◆ Source records
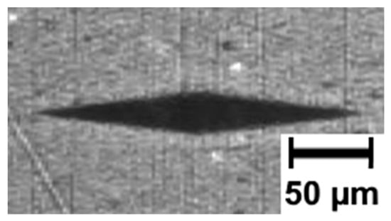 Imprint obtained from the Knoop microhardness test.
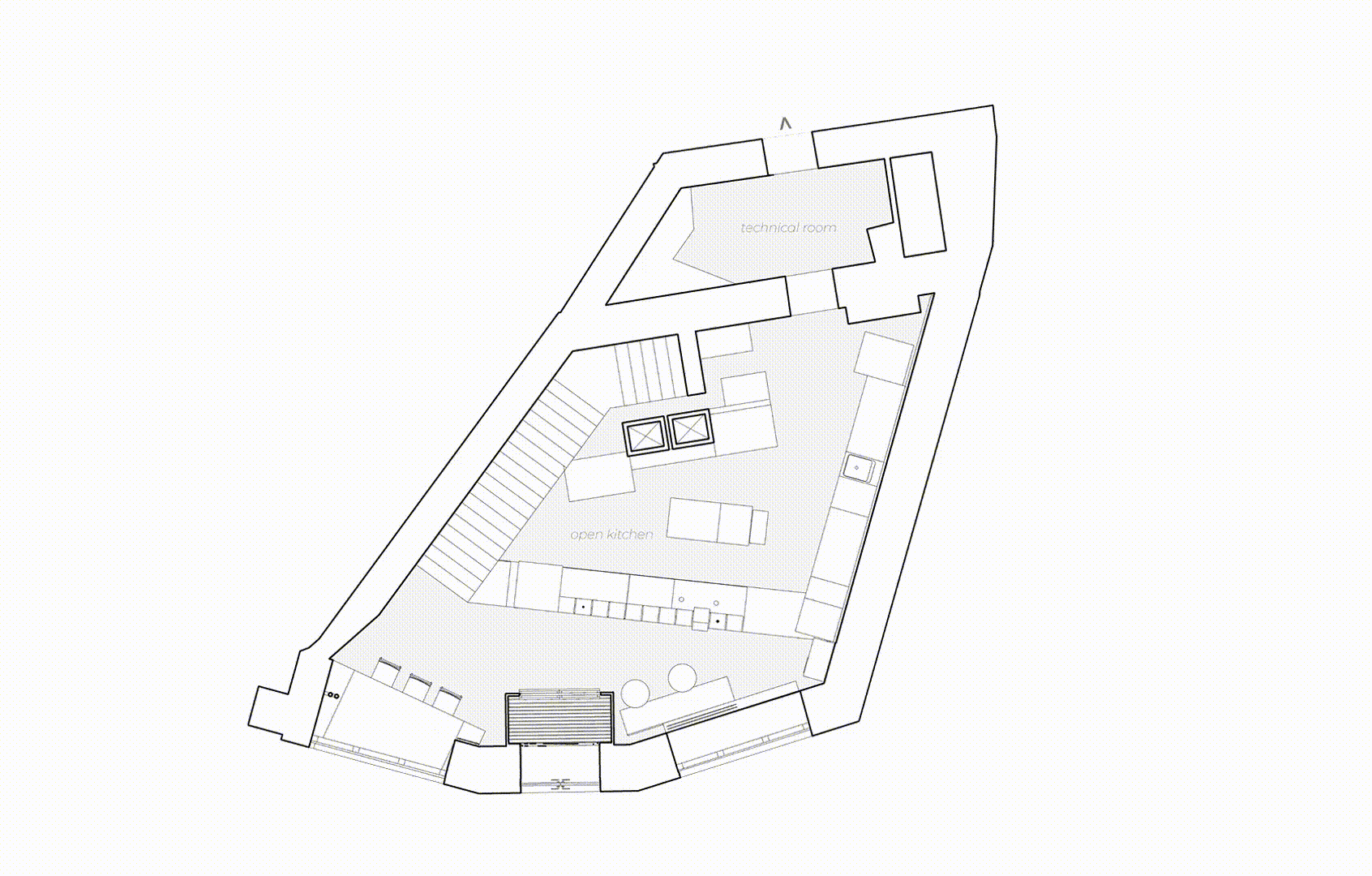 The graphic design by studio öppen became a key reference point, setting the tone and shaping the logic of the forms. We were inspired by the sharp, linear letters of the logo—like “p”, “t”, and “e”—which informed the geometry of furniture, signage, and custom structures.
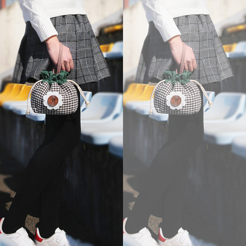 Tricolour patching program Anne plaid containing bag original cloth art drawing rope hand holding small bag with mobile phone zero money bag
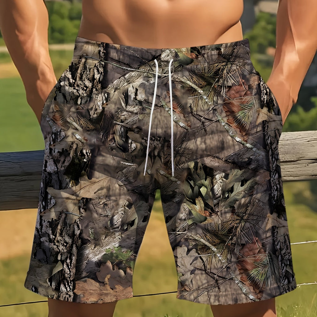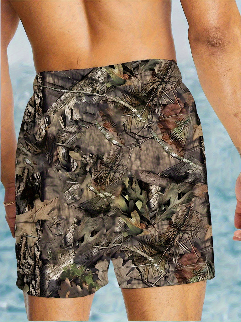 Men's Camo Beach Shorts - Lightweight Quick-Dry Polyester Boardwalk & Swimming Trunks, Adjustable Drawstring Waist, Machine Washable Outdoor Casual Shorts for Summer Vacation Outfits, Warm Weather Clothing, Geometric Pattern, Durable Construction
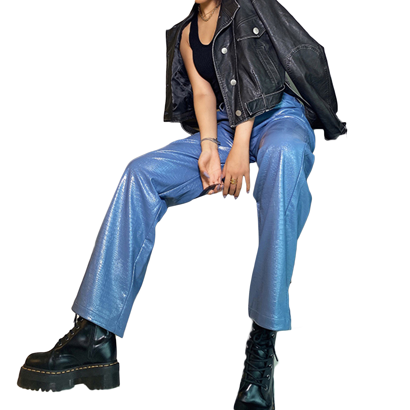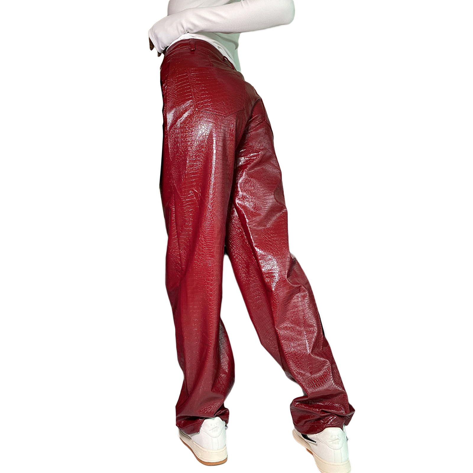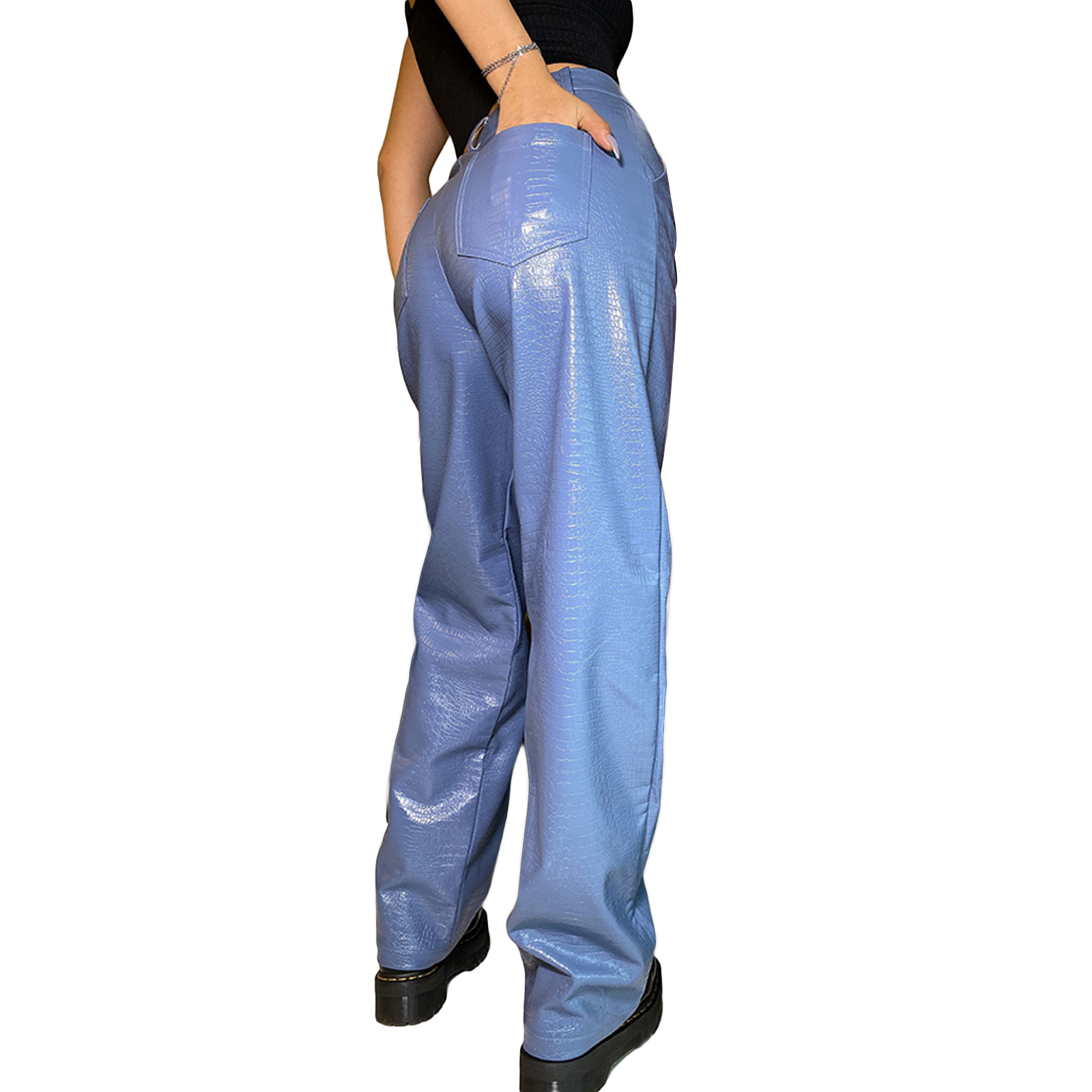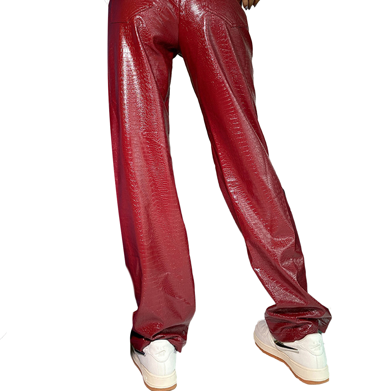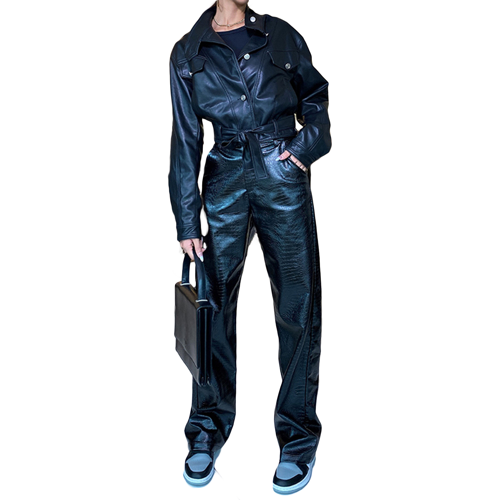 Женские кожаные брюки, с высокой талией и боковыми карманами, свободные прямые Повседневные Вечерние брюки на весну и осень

◆ YOUR TASK
Please give back exactly the lines from the first line of the records above through the line containing "The graphic design", only those and both included, with the pictures removed.

◆ SOLUTION TO THIS PROBLEM
 Imprint obtained from the Knoop microhardness test.
 The graphic design by studio öppen became a key reference point, setting the tone and shaping the logic of the forms. We were inspired by the sharp, linear letters of the logo—like “p”, “t”, and “e”—which informed the geometry of furniture, signage, and custom structures.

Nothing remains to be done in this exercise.